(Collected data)

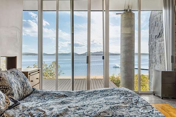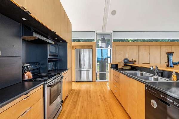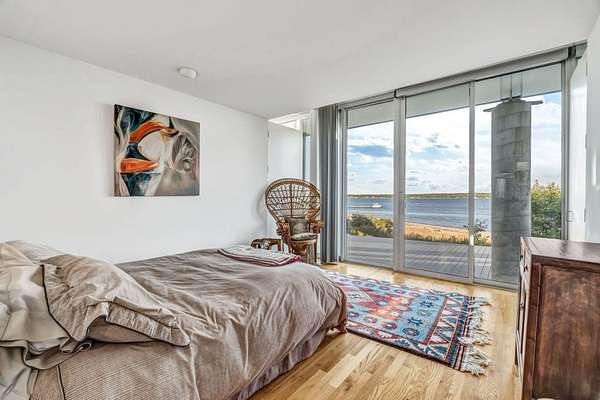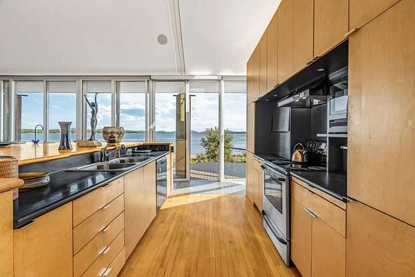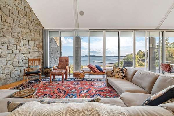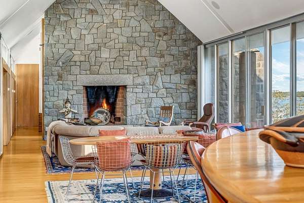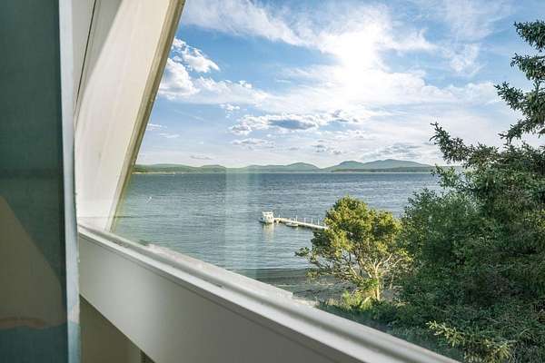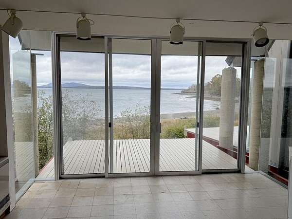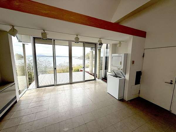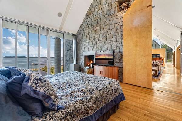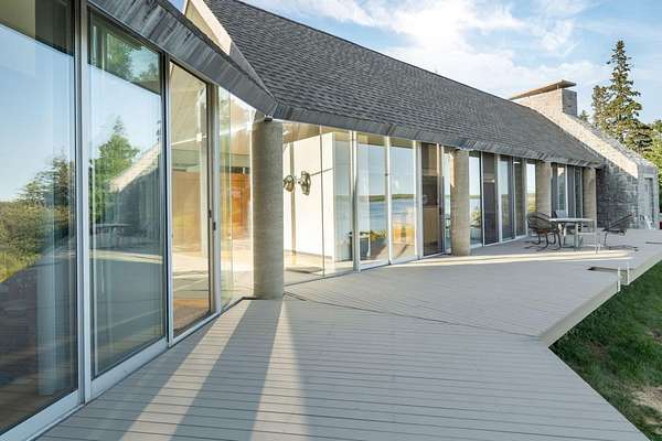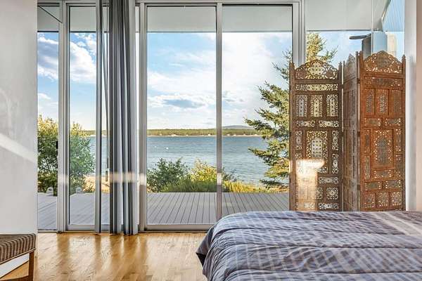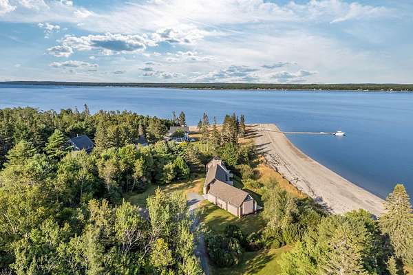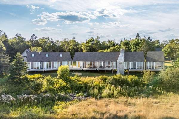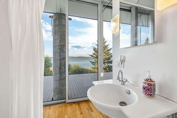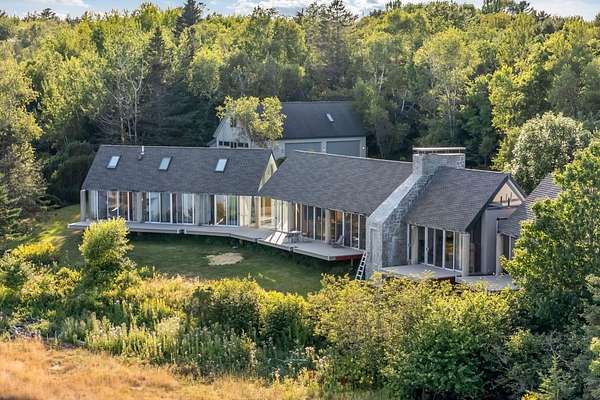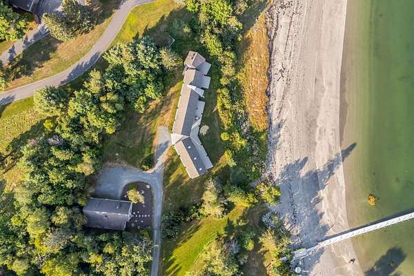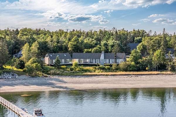 Between the incredible beach setting, the architecture, light filled rooms and style of this Peter Forbes designed masterpiece, you'll enjoy all this property has with plenty of room for your extended family and guests. The purpose in the design was to wrap the beautiful gravel beach shoreline with the curve of the house and to keep it simple with uncluttered spaces with extensive storage space in the unique 'saddlebag' style closets hanging off the back and to be able to display their art along with having an art studio off the north end. With spectacular views of Union River Bay to the mountains of Acadia the home was built on concrete pillars that go all the way to the roofline to support the unique steel and wood structure and the decks even fold up in the winter to become storm shutters for the wall of glass on the water side. The main house is basically one bedroom and the guest house. that is just a few feet apart on the deck, includes another three bedrooms down and two more in the loft. The detached garage has an office and finished shop area that could be more living space or an additional upstairs in that building that is also finished.
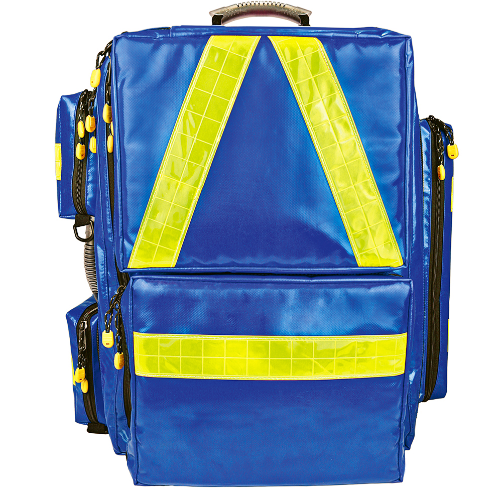 Der hochwertige Profi ist unser größtes Notfallrucksack-Modell. Dieses Notfallbehältnis fällt durch eine Vielzahl an Features auf. Ein besonders bemerkenswerter Vorteil liegt in der Möglichkeit, den Rucksack auch wie eine Tasche tragen zu können. Im PROFI-Notfallrucksack finden Sie umfassend Stauraum, auch für umfangreiche Einsätze. Man kann den Innenraum komplett aufklappen und gelangt so problemlos an den Inhalt. Auf dem Trennelement ist eine Vielzahl von Gummilaschen angebracht, an denen z. B. Guedeltuben, Spateln und anderes Notfallequipment übersichtlich angebracht werden kann. Viele externe Taschen (drei Seiten- und zwei Vordertaschen), eine intelligente Inneneinteilung, eine Sauerstoffflaschen-Halterung und vier separaten Modultaschen runden den Nutzenumfang für den Anwender ab. Verstärkte, gepolsterte Schultergurte und ein Bauchgurt sorgen für einen angenehmen Tragekomfort. Um für eine gute Erkennbarkeit während des Einsatzes zu sorgen, sind auf der Frontseite, auf der Ober-, Rück- und auf den Seitentaschen, sowie auf den Schultergurten gelbe Reflexstreifen vernäht.
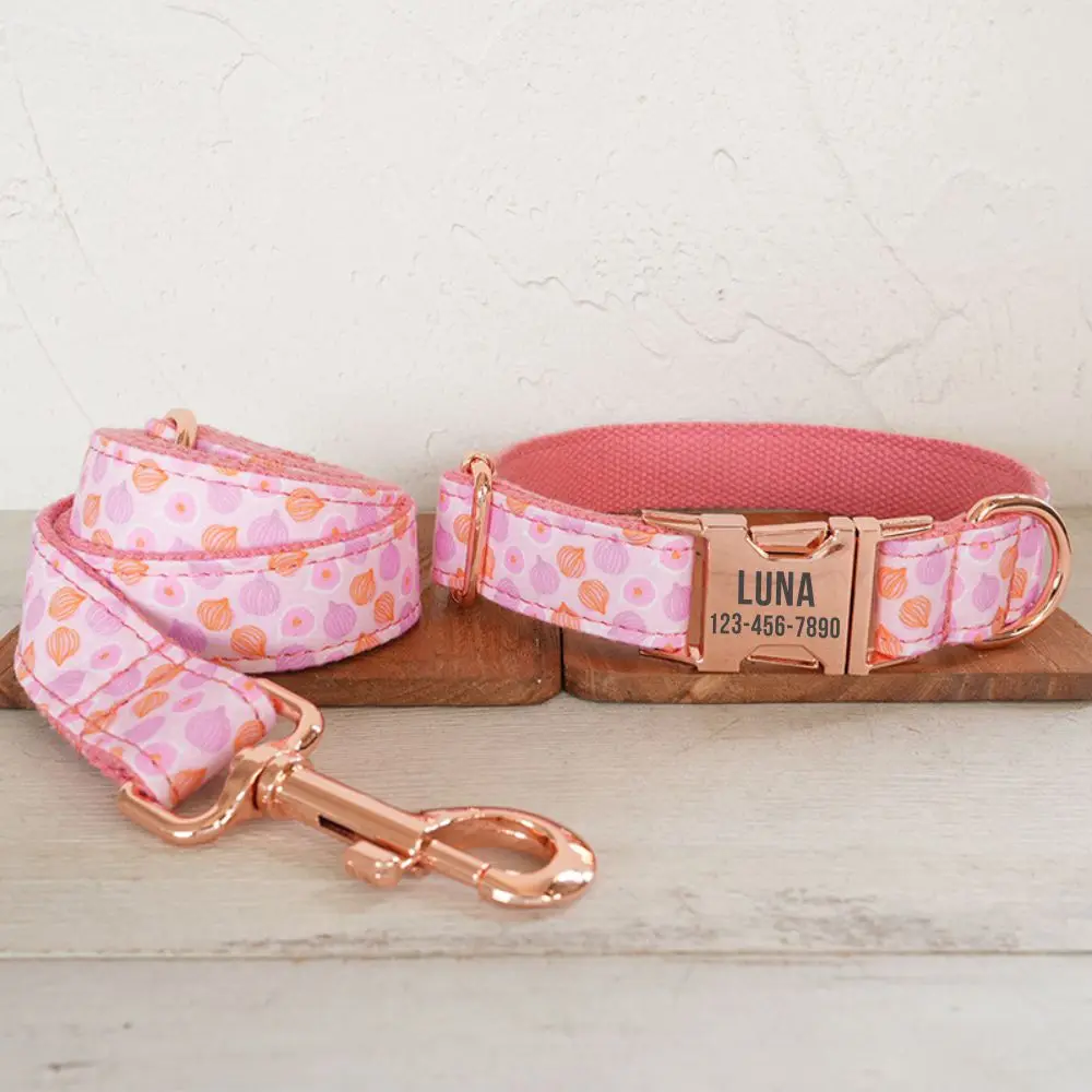 Collar de perro personalizado con grabado gratuito, correa para mascotas a juego, hebilla de Metal de contactos personalizados, lindo Collar para mascotas de cebolla rosa
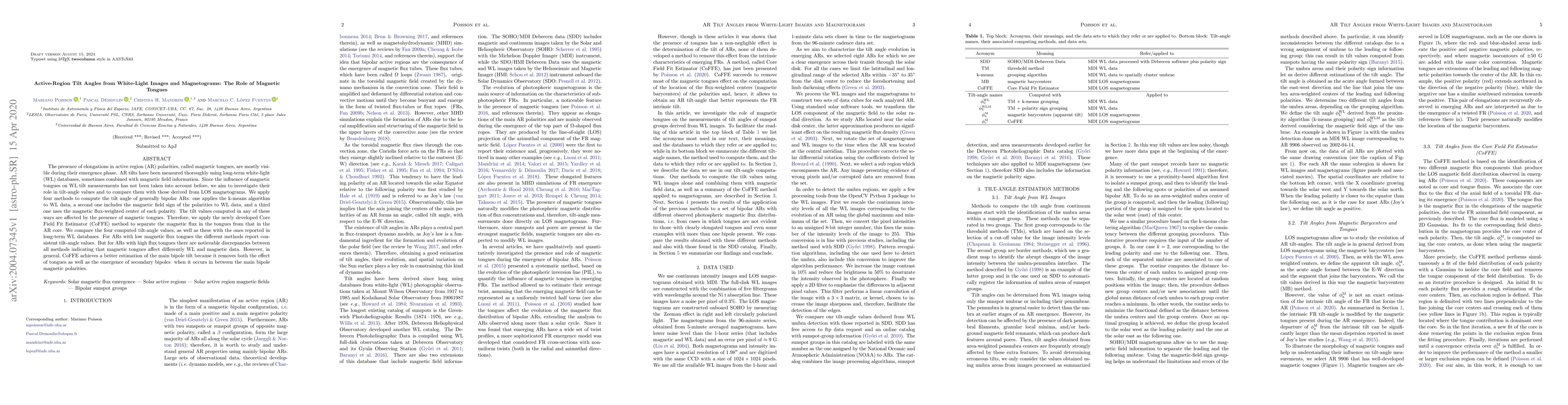 This study investigates the impact of magnetic tongues on the measurement of active-region tilt angles using white-light images and magnetograms. The Core Field Fit Estimator (CoFFE) method is developed to separate tongue flux from the main bipole, revealing that magnetic tongues significantly affect tilt angle measurements, especially in regions with high flux tongues. CoFFE provides a more accurate tilt estimation by excluding the influence of tongues and secondary bipoles.
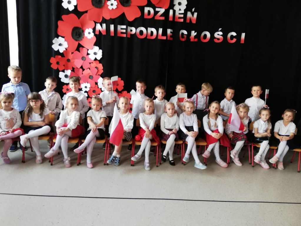 W tym wyjątkowym dniu wszystkie przedszkolaki wraz z nauczycielami uroczyście zaśpiewały hymn narodowy. Dzieci zadbały o odświętny strój i właściwą postawę podczas śpiewu.
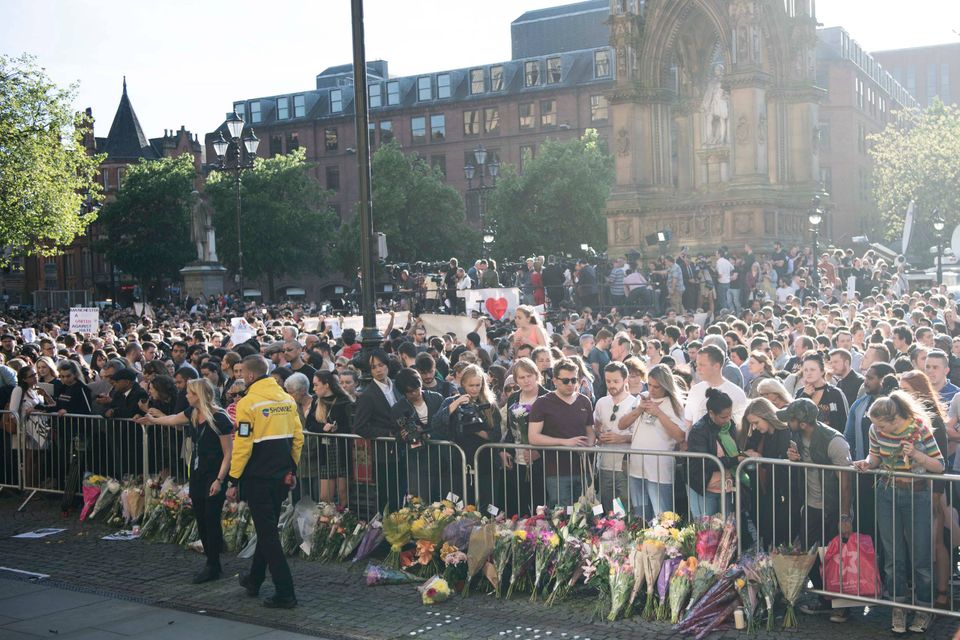 Borgerne i den engelske by Manchester var i sorg efter at en bombe mandag aften dræbte 22 og sårede 59 personer. Bomben sprang umiddelbart efter en popkoncert i Manchester Arena.
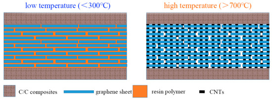 Figure 20. In this high-temperature-formed structure, graphene still functions as the “bricks”, maintaining the fundamental skeleton and mechanical support of the structure; CNTs serve as the “mortar”, not only filling the gaps between graphene sheets but also firmly binding the graphene sheets through three-dimensional reticulated connections, constructing a stable spatial structure. This new “brick-and-mortar structure” with graphene as bricks and CNTs as mortar, relying on the excellent high-temperature resistance of carbon materials, can withstand high temperatures up to 1500 °C.

**What you will do:** Write the records out again exactly; none of the pictures belong in the copy.

**Reply to the task:**
 Between the incredible beach setting, the architecture, light filled rooms and style of this Peter Forbes designed masterpiece, you'll enjoy all this property has with plenty of room for your extended family and guests. The purpose in the design was to wrap the beautiful gravel beach shoreline with the curve of the house and to keep it simple with uncluttered spaces with extensive storage space in the unique 'saddlebag' style closets hanging off the back and to be able to display their art along with having an art studio off the north end. With spectacular views of Union River Bay to the mountains of Acadia the home was built on concrete pillars that go all the way to the roofline to support the unique steel and wood structure and the decks even fold up in the winter to become storm shutters for the wall of glass on the water side. The main house is basically one bedroom and the guest house. that is just a few feet apart on the deck, includes another three bedrooms down and two more in the loft. The detached garage has an office and finished shop area that could be more living space or an additional upstairs in that building that is also finished.
 Der hochwertige Profi ist unser größtes Notfallrucksack-Modell. Dieses Notfallbehältnis fällt durch eine Vielzahl an Features auf. Ein besonders bemerkenswerter Vorteil liegt in der Möglichkeit, den Rucksack auch wie eine Tasche tragen zu können. Im PROFI-Notfallrucksack finden Sie umfassend Stauraum, auch für umfangreiche Einsätze. Man kann den Innenraum komplett aufklappen und gelangt so problemlos an den Inhalt. Auf dem Trennelement ist eine Vielzahl von Gummilaschen angebracht, an denen z. B. Guedeltuben, Spateln und anderes Notfallequipment übersichtlich angebracht werden kann. Viele externe Taschen (drei Seiten- und zwei Vordertaschen), eine intelligente Inneneinteilung, eine Sauerstoffflaschen-Halterung und vier separaten Modultaschen runden den Nutzenumfang für den Anwender ab. Verstärkte, gepolsterte Schultergurte und ein Bauchgurt sorgen für einen angenehmen Tragekomfort. Um für eine gute Erkennbarkeit während des Einsatzes zu sorgen, sind auf der Frontseite, auf der Ober-, Rück- und auf den Seitentaschen, sowie auf den Schultergurten gelbe Reflexstreifen vernäht.
 Collar de perro personalizado con grabado gratuito, correa para mascotas a juego, hebilla de Metal de contactos personalizados, lindo Collar para mascotas de cebolla rosa
 This study investigates the impact of magnetic tongues on the measurement of active-region tilt angles using white-light images and magnetograms. The Core Field Fit Estimator (CoFFE) method is developed to separate tongue flux from the main bipole, revealing that magnetic tongues significantly affect tilt angle measurements, especially in regions with high flux tongues. CoFFE provides a more accurate tilt estimation by excluding the influence of tongues and secondary bipoles.
 W tym wyjątkowym dniu wszystkie przedszkolaki wraz z nauczycielami uroczyście zaśpiewały hymn narodowy. Dzieci zadbały o odświętny strój i właściwą postawę podczas śpiewu.
 Borgerne i den engelske by Manchester var i sorg efter at en bombe mandag aften dræbte 22 og sårede 59 personer. Bomben sprang umiddelbart efter en popkoncert i Manchester Arena.
 Figure 20. In this high-temperature-formed structure, graphene still functions as the “bricks”, maintaining the fundamental skeleton and mechanical support of the structure; CNTs serve as the “mortar”, not only filling the gaps between graphene sheets but also firmly binding the graphene sheets through three-dimensional reticulated connections, constructing a stable spatial structure. This new “brick-and-mortar structure” with graphene as bricks and CNTs as mortar, relying on the excellent high-temperature resistance of carbon materials, can withstand high temperatures up to 1500 °C.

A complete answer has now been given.